“If I score, I’m French; If I don’t, I’m Arab”: Why France needs to recognise its “others”

Source:  Tribune Published in World on Tuesday, July 24, 2018

As a Muslim French woman, my feelings regarding France’s victory in the 2018 FIFA World Cup are quite divided. They are not divided about the game per se – the players undoubtedly demonstrated their brilliance on the field, and I do not see how I could be unhappy about winning the title again after 20 long years. Rather, I am sceptical about what changes this win will bring to individuals belonging to certain ethnic groups in this country, and to the Muslim faith in particular. Nothing major, I fear.


As a lot of people have been pointing out on social media, 15 players of the French national team come from Africa, while seven are Muslims. Yet, this fact is never highlighted in mainstream media, and while the common Frenchman might easily associate a player having African roots due to their skin colour, they are often stranger to the fact that a certain player is a Muslim. Not that the personal beliefs of any footballer should become a subject of scrutiny (ideally they shouldn’t), but in the context of France and its ever-rising Islamophobia, the media should probably take responsibility and play its part in bringing more peace and tolerance to people’s minds.

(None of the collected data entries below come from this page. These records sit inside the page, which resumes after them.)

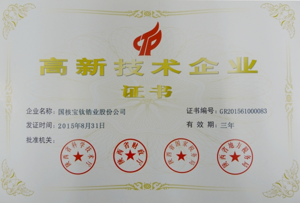 國核鋯業(yè)鈦及鈦合金加工產(chǎn)品生產(chǎn)許可資格
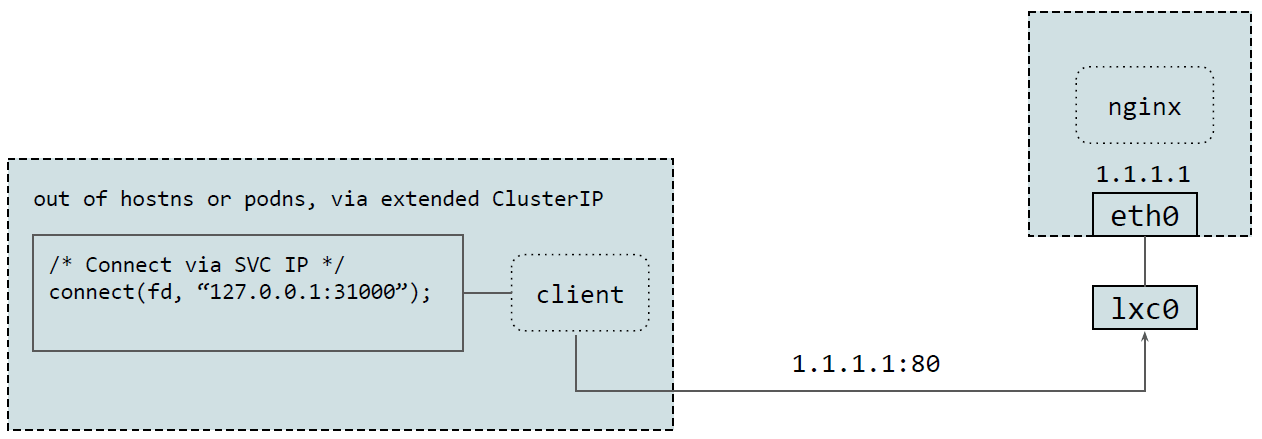 对于 ClusterIP,我们在 BPF 里拦截 socket 的 connect 和 send 系统调用;
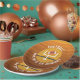 As placas de papel personalizadas do futebol americano apresentam uma bola de futebol através das miras das listras marrom a dourada. Consulte os convites CORRESPONDENTES e mais na nossa coleção.
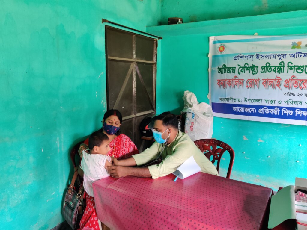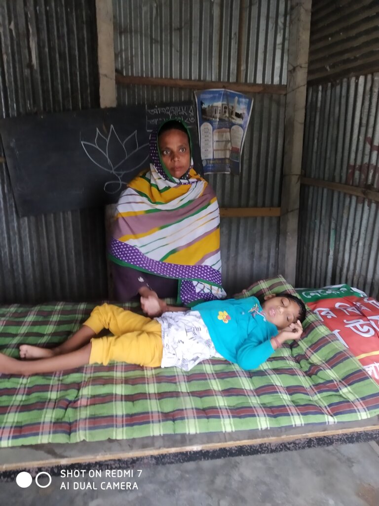 Kamona Rani (anonymous) is a Mother of children with disabilities with Cerebral palsy in our working area at Mowjajallah village of Islampur upazilla under Jamalpur district northern Part of Bangladesh. Mother very much tensions feels with their child health because home is far distance from urban medical Centre. Parents are illiterate and care less and not aware about their treatment and also suffers from inferiority complex. Her parents are very poor day labor and Mother is house wife. Parents cannot bear any cost of the health services like Doctor services fee & medicine. She came to our treatment camp for children.
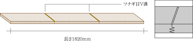 ツナギ目にV溝を入れることにより、まるで一枚物のフローリングを貼ったかのように見せます。さらに高級感を出すため、ツナギ目は2~3ヶ所としています。
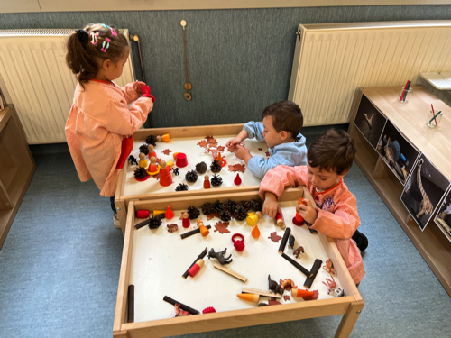 CONSTRUMONS: SEGUIM AMB ELS NINS DE COLORS DE LA TARDOR I ALTRES ELEMENTS, PINYES, FULLES, PALS I HI AFEGIM ANIMALS DE BOSC.
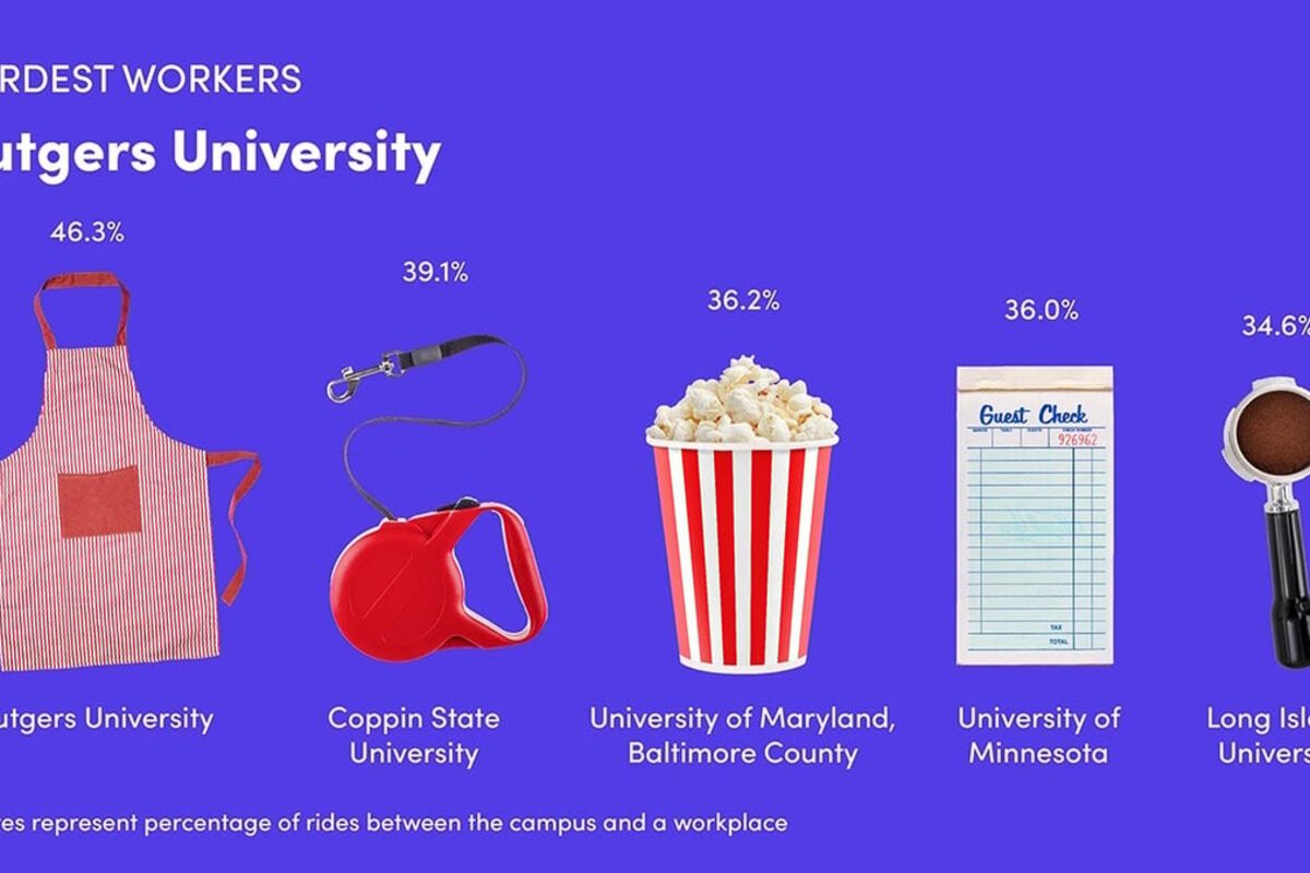 Some have to work hard to play hard, and for that, the students at Rutgers University excel. Almost half of their rides are to workplaces. Hear that, recruiters? RU Rah, Rah!

But why would the media do that? After all, this is the same media which has continuously fed Islamophobia, a media that never fails to qualify a terrorist as “Muslim” first, but at the same time, conveniently leaves this adjective out when mentioning our national players. This reality was effectively summarised by Karim Benzema several years ago when he famously said,

“If I score I’m French… if I don’t, I’m an Arab.”

Ultimately, this victory seems to be nothing more than a temporary distraction. It makes for a good excuse to not speak about important topics and address the real issues plaguing French society. Today, if two individuals with the same credentials apply to get a job or a house, the one who happens to be “not French-looking enough” (whatever that means) or whoever has a more “exotic” name as compared to “Jean” or “Dupont”, will realistically be much less likely to succeed in his or her endeavour – and this is not fiction. Countless surveys and social experiments have proven this sad state of affairs in France.

Let’s not even bring up the plight of Muslim women, who face even more challenges on a daily basis due to obvious discrimination and limitations when it comes to how they choose to dress their bodies. For all these reasons, it is important to not only bring awareness about the Muslim faith of certain players, but also make the common man understand that Islam is by no means an obstacle to French identity.

I am also divided due to an apparent politicisation of the game. It would be foolish to assume that all the players of the French team voted for Emmanuel Macron in 2017, let alone endorsed his subsequent actions and notably, his recent bombings of Syria. I see these footballers more as a team from France, rather than a team of the French government. The fact that the national team shines today on a world stage is exclusively due to the efforts and endurance of its players. Macron has had no hand in this victory.

Does his presence during the match lend a political dimension to this win? I would not like to think so, as a football match is not meant to be an endorsement of a certain political agenda. However, the French media has already started its clever manipulation by giving absolutely undue credit to our president, which is simply ridiculous.

While all the memes claiming that it is not France but Africa which has won the World Cup may seem funny at first, they reiterate a sad truth: immigrants have still not been fully integrated into French society, and many of them are more inclined to refer to the nations of their ancestors as their real “home”, instead of France. In an inclusive society free of racism, discrimination and Islamophobia, this would not be the case.

Moreover, I feel sad when it comes to the people of France too, who do not hesitate to take to the streets when it comes to a football game, but do not feel inclined to do the same when it comes to protecting peace, social rights, public services, independence and freedom – which are all more important issues. The sheer size of the crowd present on the Champs-Élysées over the past couple of days proves the power of the people, and how it could potentially bring a government to its knees. More than ever, today’s generations should take inspiration from the French Revolution and decide to fight (not literally, of course) for their ideas, instead of constantly submitting themselves to the will of those in power.

All said and done, history was indeed witnessed. We can just hope that tomorrow will be better for the people who made the day historic, and that apt conclusions will be derived from this victory.

Zainab Bukhari

Zainab Bukhari

The author is a French Muslim, and a student of Islamic Studies at Middlesex University.